Data shown:
==*==

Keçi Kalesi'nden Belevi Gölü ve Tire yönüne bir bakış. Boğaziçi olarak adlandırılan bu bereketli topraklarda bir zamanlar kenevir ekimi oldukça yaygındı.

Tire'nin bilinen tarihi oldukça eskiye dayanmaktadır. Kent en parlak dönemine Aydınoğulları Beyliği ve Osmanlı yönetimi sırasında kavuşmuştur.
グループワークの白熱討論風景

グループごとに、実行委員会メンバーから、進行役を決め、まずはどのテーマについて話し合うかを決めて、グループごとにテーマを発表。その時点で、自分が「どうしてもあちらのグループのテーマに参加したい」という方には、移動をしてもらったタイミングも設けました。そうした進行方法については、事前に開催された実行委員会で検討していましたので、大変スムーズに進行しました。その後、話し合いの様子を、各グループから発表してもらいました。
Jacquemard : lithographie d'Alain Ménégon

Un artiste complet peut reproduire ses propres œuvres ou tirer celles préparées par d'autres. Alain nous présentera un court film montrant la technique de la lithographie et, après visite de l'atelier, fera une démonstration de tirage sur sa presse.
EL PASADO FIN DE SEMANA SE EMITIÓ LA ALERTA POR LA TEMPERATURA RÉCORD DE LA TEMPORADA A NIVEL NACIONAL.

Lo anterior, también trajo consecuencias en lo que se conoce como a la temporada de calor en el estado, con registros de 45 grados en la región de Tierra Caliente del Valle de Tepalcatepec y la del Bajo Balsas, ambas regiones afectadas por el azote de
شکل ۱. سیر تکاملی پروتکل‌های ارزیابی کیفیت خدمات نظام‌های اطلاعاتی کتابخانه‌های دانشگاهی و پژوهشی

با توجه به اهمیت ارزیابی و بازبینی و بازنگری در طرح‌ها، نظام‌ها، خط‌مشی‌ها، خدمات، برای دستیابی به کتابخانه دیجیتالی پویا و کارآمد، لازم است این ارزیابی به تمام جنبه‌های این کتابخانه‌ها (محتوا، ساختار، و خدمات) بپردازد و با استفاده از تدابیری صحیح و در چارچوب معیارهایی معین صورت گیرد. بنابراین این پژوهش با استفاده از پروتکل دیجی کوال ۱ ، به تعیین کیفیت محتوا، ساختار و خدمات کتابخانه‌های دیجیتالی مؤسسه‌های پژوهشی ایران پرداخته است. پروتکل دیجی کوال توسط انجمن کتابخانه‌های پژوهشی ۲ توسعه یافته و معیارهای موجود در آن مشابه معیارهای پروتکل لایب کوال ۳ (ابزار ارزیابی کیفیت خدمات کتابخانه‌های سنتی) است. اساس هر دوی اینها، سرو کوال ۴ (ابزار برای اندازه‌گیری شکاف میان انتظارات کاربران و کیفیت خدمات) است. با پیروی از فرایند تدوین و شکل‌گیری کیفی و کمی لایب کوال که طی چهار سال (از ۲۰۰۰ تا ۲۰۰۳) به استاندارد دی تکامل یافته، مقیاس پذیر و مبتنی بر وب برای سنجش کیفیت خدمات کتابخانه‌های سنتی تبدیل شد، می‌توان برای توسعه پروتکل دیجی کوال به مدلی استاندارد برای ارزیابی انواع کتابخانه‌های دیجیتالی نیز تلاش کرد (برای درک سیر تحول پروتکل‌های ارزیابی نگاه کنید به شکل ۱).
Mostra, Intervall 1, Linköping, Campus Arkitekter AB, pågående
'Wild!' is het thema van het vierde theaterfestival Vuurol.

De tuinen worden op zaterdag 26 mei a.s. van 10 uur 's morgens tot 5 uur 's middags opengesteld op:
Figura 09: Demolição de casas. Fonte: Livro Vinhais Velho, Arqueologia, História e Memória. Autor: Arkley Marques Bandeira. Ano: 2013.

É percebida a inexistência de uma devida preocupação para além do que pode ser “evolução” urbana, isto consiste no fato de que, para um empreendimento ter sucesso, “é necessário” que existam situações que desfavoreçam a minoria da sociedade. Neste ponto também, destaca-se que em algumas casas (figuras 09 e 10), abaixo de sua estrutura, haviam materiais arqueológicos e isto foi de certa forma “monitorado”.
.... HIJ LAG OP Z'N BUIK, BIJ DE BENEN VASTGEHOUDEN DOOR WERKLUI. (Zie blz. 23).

==*==

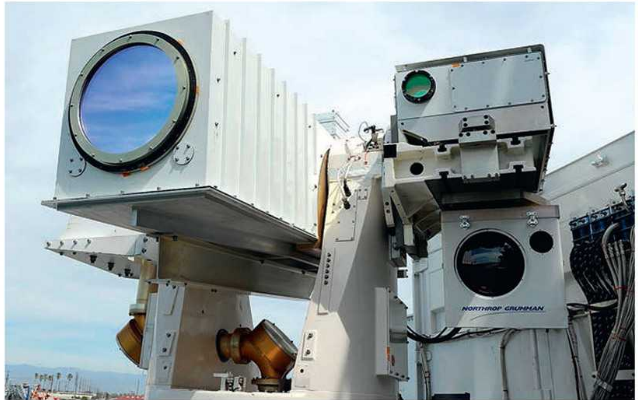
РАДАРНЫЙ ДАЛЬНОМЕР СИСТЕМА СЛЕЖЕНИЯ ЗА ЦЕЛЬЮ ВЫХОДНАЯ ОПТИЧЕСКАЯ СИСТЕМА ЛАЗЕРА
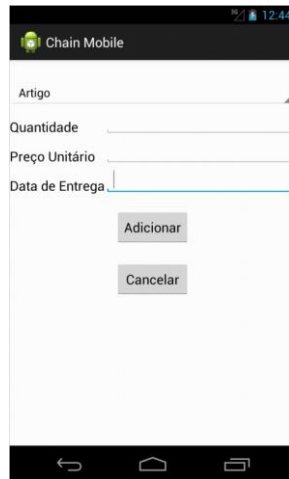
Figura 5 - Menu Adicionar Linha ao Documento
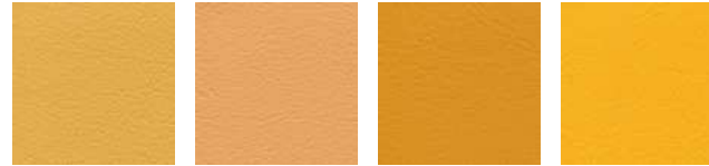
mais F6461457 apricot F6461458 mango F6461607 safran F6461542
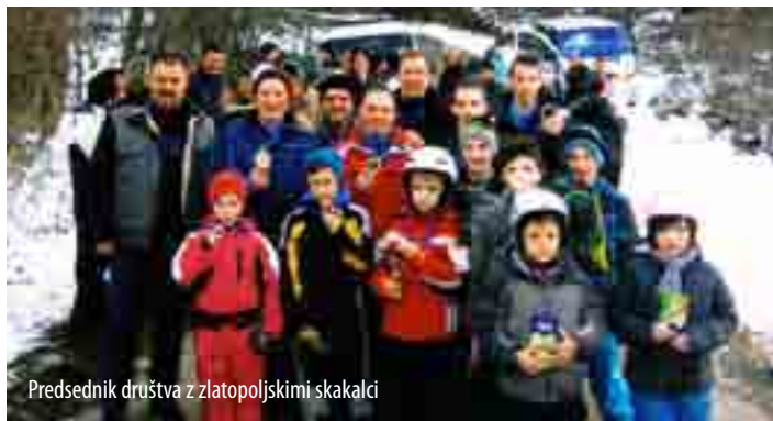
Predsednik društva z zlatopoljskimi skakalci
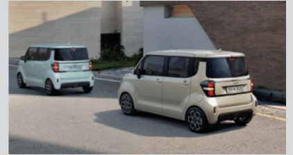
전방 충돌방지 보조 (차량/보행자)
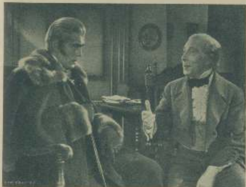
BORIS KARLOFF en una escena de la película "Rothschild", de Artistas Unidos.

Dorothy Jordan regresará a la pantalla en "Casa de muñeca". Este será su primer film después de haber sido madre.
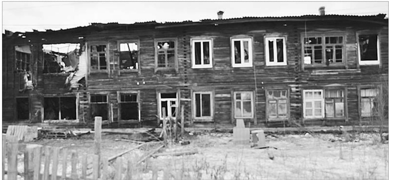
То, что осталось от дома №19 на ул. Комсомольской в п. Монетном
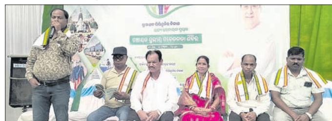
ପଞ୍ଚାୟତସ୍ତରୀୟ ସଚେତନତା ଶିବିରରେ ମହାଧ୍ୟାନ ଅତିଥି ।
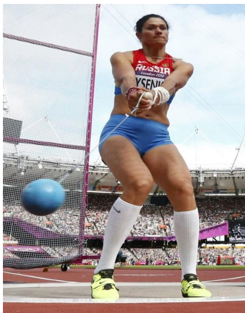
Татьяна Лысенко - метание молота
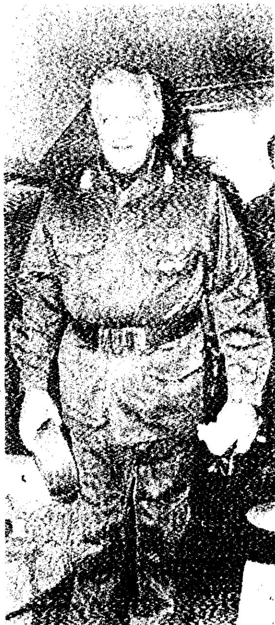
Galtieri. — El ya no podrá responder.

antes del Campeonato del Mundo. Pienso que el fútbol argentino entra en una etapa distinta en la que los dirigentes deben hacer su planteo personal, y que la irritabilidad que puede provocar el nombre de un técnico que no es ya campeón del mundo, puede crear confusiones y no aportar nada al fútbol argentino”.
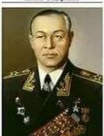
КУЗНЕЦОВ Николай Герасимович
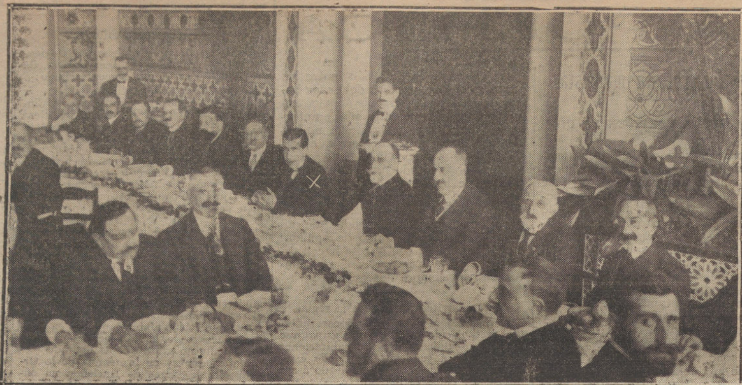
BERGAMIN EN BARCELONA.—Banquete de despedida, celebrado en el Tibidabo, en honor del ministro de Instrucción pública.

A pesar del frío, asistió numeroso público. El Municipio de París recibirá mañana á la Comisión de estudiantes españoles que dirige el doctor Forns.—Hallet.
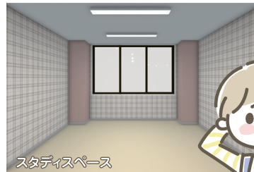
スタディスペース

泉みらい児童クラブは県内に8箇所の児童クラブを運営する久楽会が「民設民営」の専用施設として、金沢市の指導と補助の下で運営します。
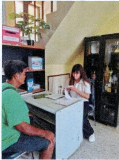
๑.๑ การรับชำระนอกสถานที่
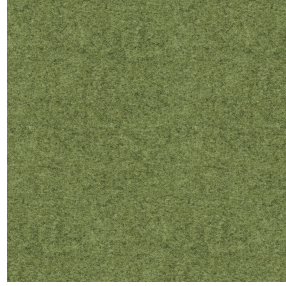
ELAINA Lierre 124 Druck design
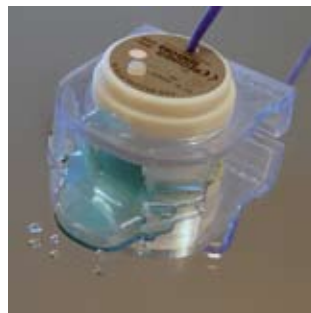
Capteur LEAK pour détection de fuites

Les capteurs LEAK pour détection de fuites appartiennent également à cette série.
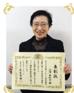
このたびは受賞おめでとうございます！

==*==

Directions for this task:
Could you restate word for word the lines above, from the one that contains "Keçi Kalesi'nden Belevi" through the one that contains "Un artiste complet", and no others?

The completed task:
Keçi Kalesi'nden Belevi Gölü ve Tire yönüne bir bakış. Boğaziçi olarak adlandırılan bu bereketli topraklarda bir zamanlar kenevir ekimi oldukça yaygındı.

Tire'nin bilinen tarihi oldukça eskiye dayanmaktadır. Kent en parlak dönemine Aydınoğulları Beyliği ve Osmanlı yönetimi sırasında kavuşmuştur.
グループワークの白熱討論風景

グループごとに、実行委員会メンバーから、進行役を決め、まずはどのテーマについて話し合うかを決めて、グループごとにテーマを発表。その時点で、自分が「どうしてもあちらのグループのテーマに参加したい」という方には、移動をしてもらったタイミングも設けました。そうした進行方法については、事前に開催された実行委員会で検討していましたので、大変スムーズに進行しました。その後、話し合いの様子を、各グループから発表してもらいました。
Jacquemard : lithographie d'Alain Ménégon

Un artiste complet peut reproduire ses propres œuvres ou tirer celles préparées par d'autres. Alain nous présentera un court film montrant la technique de la lithographie et, après visite de l'atelier, fera une démonstration de tirage sur sa presse.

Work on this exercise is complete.